Does this make Lawrence and Adorno reactionary cultural elitists? Maybe. At the very least, we can agree that their views are out of tune with more informed opinion on the subject of jazz and popular culture - although Horsley would certainly have been sympathetic.
 
 
Notes
 
[1] Adorno wrote that "Jazz is the false liquidation of art" in his 1967 essay 'Perennial Fashion - Jazz'. It can be found in Critical Theory and Society: A Reader, ed. Stephen Eric Bronner and Douglas MacKay Kellner (Routlege, 1990).
      He described jazz as the "mechanical reproduction of a regressive moment" in his much earlier text, 'On the Fetish Character in Music and Regression of Listening' (1938), which can be found in his book The Culture Industry: Selected Essays on Mass Culture, ed.
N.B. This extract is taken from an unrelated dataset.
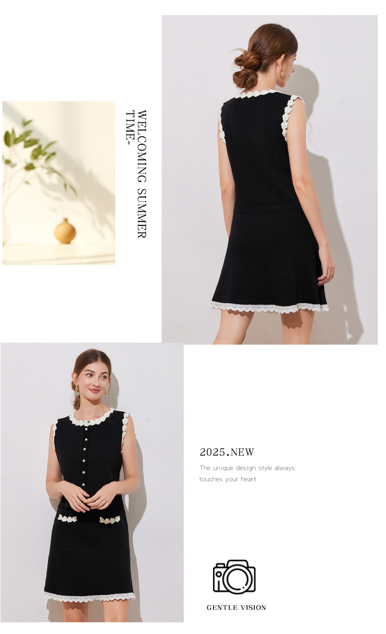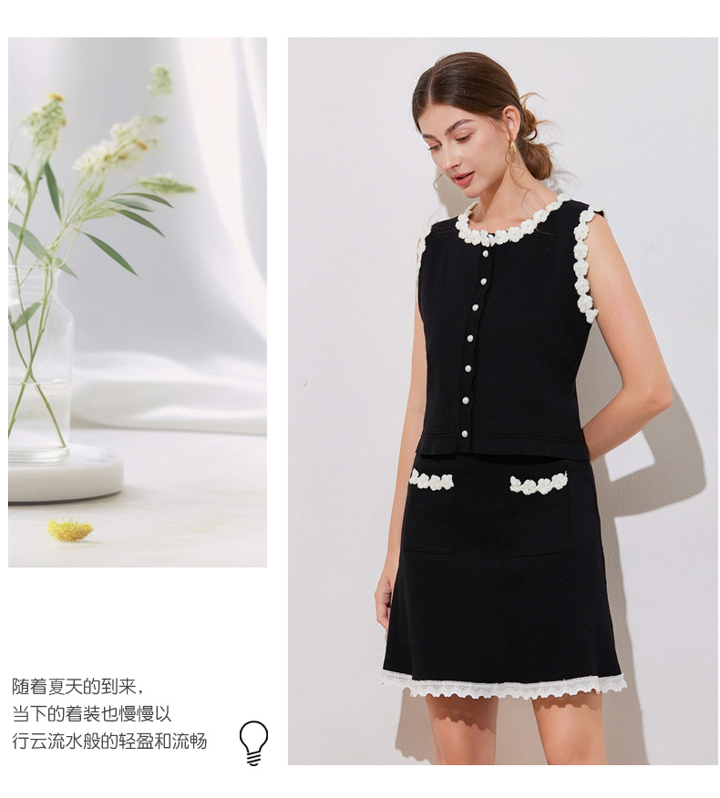 새로운 여름 스타일 크로 셰 뜨개질 탑, 구슬 장식 민소매 니트 조끼, 작은 향기로운 여성 투피스 스커트스토어 가기

J. M. Bernstein (Routledge, 1991).     
 
[2] For Sebastian's highly amusing take on punk, jazz, and Notting Hill contra Soho, click here.   
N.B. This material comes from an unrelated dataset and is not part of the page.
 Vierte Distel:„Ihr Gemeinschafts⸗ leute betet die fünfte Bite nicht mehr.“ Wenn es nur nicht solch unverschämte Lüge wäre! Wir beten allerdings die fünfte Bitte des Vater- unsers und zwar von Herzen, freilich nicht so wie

[3] See Gemma Moss, ‘Popular Culture’, in The Cambridge Companion to D. H. Lawrence and the Arts, ed Catherine Brown and Susan Reid (Edinburgh University Press, 2020), pp. 145-159. 
      As Moss rightly notes, Lawrence and Adorno were both living in a period when European culture was becoming increasingly Americanised and transforming into commercial mass culture with its standardised models of entertainment generating mechanical responses in the audience. In other words, both Lawrence and Adorno believed that popular art forms - such as jazz - create a public who become used to a limited range of emotions and ideas.
 
[4] D. H. Lawrence, 'Pornography and Obscenity', in Late Essays and Articles, ed. James T. Boulton (Cambridge University Press, 2004), p. 244. 
 
[5] The record - 'Empty Bed Blues (Columbia, 1928) - was by the African-American singer Bessie Smith, with Charlie Green on trombone and Porter Grainger on piano. Smith was extremely popular during the Jazz Age and is now regarded not only as one of the greatest singers of her era, but a major influence on many other blues singers and jazz vocalists. 
      For an interesting essay on Lawrence and Bessie Smith, see Fiona Becket, 'A Brand New Grind: D. H. Lawrence, Manliness and the Blues', in the Journal of D. H. Lawrence Studies - click here to access as an online pdf. 
      Readers who wish to listen to the track can do so by clicking here.